> [TASK] Beginning with the line containing "Icono Plata Angel" and going on through the line containing "産業革命について学習していま", the lines below are to be returned exactly, pictures excluded and nothing added.

> [LISTED RECORDS]

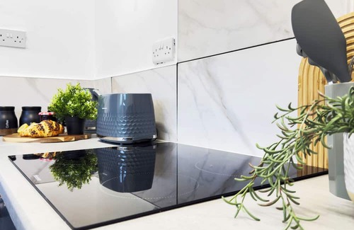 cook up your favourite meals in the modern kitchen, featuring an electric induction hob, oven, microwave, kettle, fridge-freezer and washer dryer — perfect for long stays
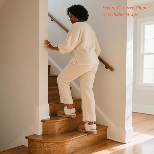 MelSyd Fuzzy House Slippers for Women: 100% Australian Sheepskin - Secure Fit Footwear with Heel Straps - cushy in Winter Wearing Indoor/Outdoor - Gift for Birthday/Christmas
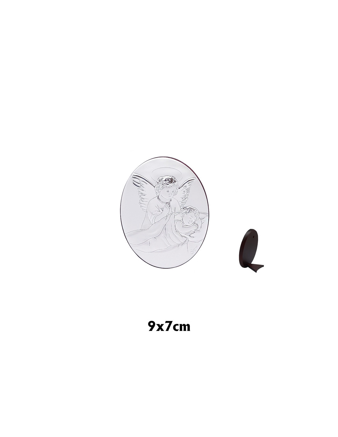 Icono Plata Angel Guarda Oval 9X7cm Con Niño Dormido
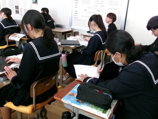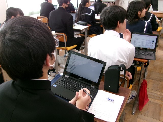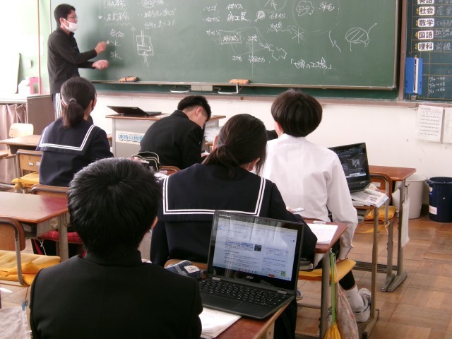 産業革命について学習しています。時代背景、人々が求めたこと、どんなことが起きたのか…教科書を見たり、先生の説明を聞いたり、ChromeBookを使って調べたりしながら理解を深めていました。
==
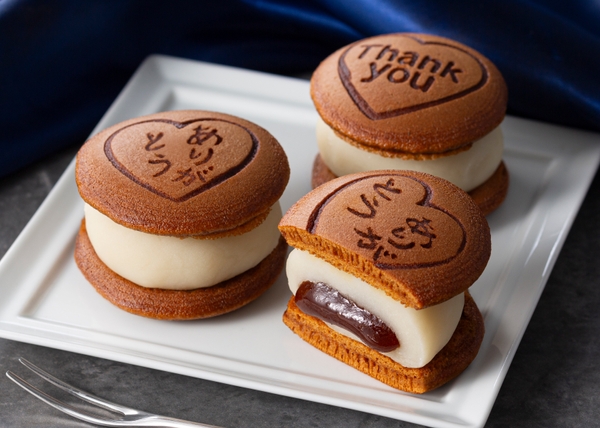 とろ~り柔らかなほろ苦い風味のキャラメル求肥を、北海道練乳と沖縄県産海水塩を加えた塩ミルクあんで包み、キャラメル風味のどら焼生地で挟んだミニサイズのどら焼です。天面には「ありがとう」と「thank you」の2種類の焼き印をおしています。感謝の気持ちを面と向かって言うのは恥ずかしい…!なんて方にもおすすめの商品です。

> [ANSWER]
 Icono Plata Angel Guarda Oval 9X7cm Con Niño Dormido
 産業革命について学習しています。時代背景、人々が求めたこと、どんなことが起きたのか…教科書を見たり、先生の説明を聞いたり、ChromeBookを使って調べたりしながら理解を深めていました。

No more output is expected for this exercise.